Monday, September 13, 2010

Judge Not and Persistence

As a tax guy, I work many controversy cases. Before I take on a case, I need to evaluate the case and determine if I feel there is a possible resolution that I can work with the IRS to effect.

Recently, I was approached by a CPA who wanted help on a penalty abatement for a non profit who was delinquent with their 990 filing. This is a 990 organization with larger gross receipts and the delinquency covered a span of years. Some penalties can be abated if reasonable cause is demonstrated. In fact, in the Gear Up Class, IRS Audits, Appeals, and Collections: Successful Strategies, Rick and I teach about penalty abatement. I have historically had good success but not 100% success (who has?).
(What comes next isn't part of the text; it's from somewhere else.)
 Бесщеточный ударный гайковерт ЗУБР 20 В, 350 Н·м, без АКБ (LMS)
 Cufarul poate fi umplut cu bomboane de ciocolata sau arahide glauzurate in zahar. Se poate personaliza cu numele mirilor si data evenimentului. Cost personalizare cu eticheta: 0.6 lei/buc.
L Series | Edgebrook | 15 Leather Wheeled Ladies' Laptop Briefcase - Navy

I evaluated the 990 case and I felt there was an argument for reasonable cause but I was not overly optimistic about getting the penalty abated. I typically take on cases that I feel very positive about and not only do I practice positive affirmation of the good results, but I usually have quite a fighting spirit going in. In this case, I was not overly optimistic and, while I fashioned a very well argued letter, covering the issue, facts, rule of law, argument, and conclusion, I still did not expect exceptional results.
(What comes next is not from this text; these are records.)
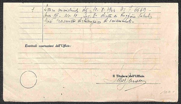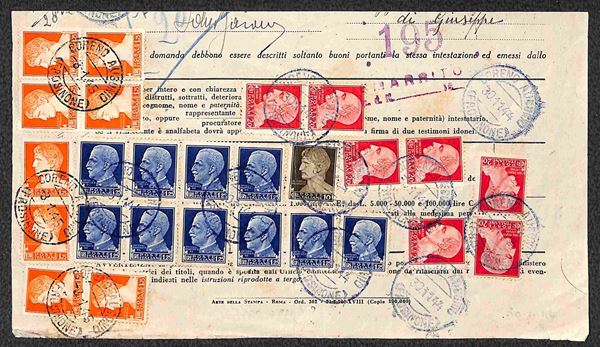 Imperiale (245+247 sette + 253 dieci +254 otto) - uso amministrativo in due tempi su parte di modulo (Buoni Fruttiferi) da Coreno del 30.11.44/3.1.45
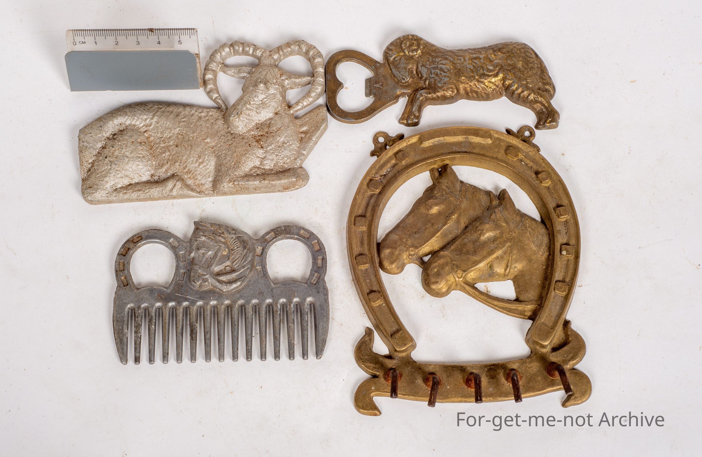 These are little, cast pieces, featuring animals. The first one is an aluminium goat or sheep sitting down. Pretty nondescript. Next one is a crown seal opener with a wild looking sheep as the handle. Then there's a little hanging piece, a couple of horses and a horseshoe, and the next one is a main comb with the image of a horse.Collection
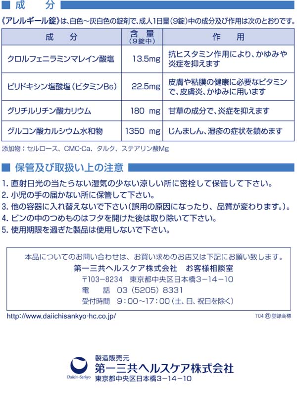 【第2類医薬品】第一三共ヘルスケア アレルギール 錠 110錠について
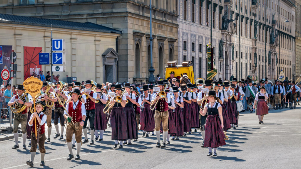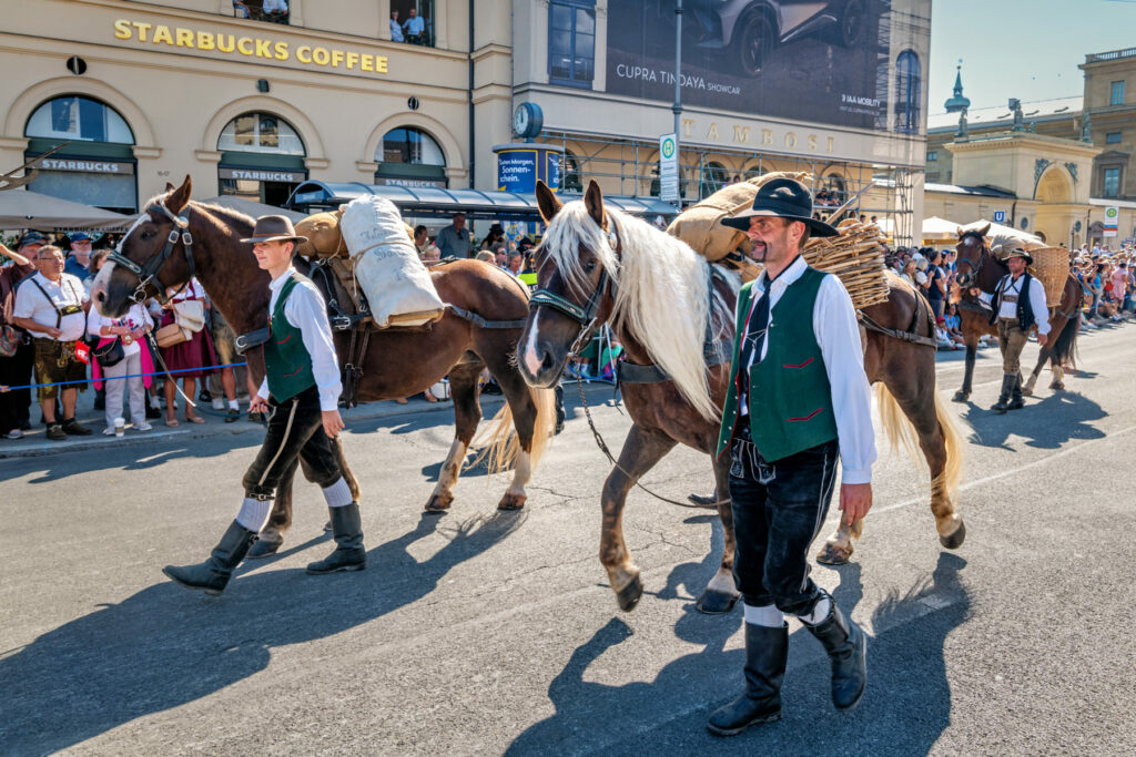 Was den Münchner Oktoberfestzug so einzigartig macht, ist seine Vielfalt: Während bei den bayerischen Gaufesten meist nur die Trachten einer Region zu sehen sind, präsentiert sich in München ein Querschnitt durch ganz Bayern – von der Dachauer Tracht, auch Ludwig-Thoma-Tracht genannt, über das Münchner Biedermeier-Gwand bis hin zu vielen regionalen Besonderheiten.
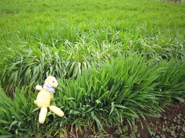 畑の麦たち、しばらく見ないうちにもうこんなにわさわさになっていた。
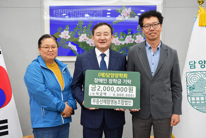 [전남=프레스뉴스] 박정철 기자=담양군(군수 이병노)은 지난 15일 무등산체험영농조합법인(대표 김명우)에서 지역인재 육성을 위해 장애인 장학금 2백만 원을 기탁했다고 전했다.

And herein lays the surprise. Close to $83,000 of penalty abatement was accomplished. And this was an appeal of a previously rejected penalty abatement.

There are two lessons to be learned. The first, and most obvious lesson, is: If at first you don't succeed, try, try again. Learn about the appeals process. Do not be afraid to take the case up to the next level. Use your tax knowledge to make a strong case, as the facts warrant. Sometimes you make an initial fantastic presentation, but it doesn't move the IRS. Make the same presentation to someone different in the IRS, and the results could be sensational. Now, when you make the second presentation, you have the advantage of having gone through a dress rehearsal, which means the second presentation is improved. Also, you prepare further for the appeals hearing. So, it is not solely a case of persistence, but persistence, along with applied skills is a winning combination.
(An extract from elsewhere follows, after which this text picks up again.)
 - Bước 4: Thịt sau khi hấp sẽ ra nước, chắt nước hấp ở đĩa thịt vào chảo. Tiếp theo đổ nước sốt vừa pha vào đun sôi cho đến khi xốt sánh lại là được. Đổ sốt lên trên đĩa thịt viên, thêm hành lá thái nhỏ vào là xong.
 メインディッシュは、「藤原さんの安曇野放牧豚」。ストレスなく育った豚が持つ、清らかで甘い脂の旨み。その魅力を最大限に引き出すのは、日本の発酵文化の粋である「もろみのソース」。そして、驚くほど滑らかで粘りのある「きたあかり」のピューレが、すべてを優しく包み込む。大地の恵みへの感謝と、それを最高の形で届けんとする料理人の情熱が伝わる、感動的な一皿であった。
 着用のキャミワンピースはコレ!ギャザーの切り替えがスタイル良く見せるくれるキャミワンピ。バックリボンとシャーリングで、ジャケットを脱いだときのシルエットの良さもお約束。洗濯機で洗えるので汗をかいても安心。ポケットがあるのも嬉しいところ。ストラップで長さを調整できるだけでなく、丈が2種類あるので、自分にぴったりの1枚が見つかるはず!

And, the second lesson is, you never know what the results will be. The enjoyment of resolving controversy cases with the IRS is that you never really know how the case is going to end. Even though we assess the case, we never know the ending. With this case, I was not overly optimistic. I do believe the abatement is warranted and I do believe the protest was soundly structured, and I did hope for, but did not expect the best. And the best came our way.

With the IRS you just never know. Do your best. Persist. Be of good cheer. Persist. And, oh yes, persist.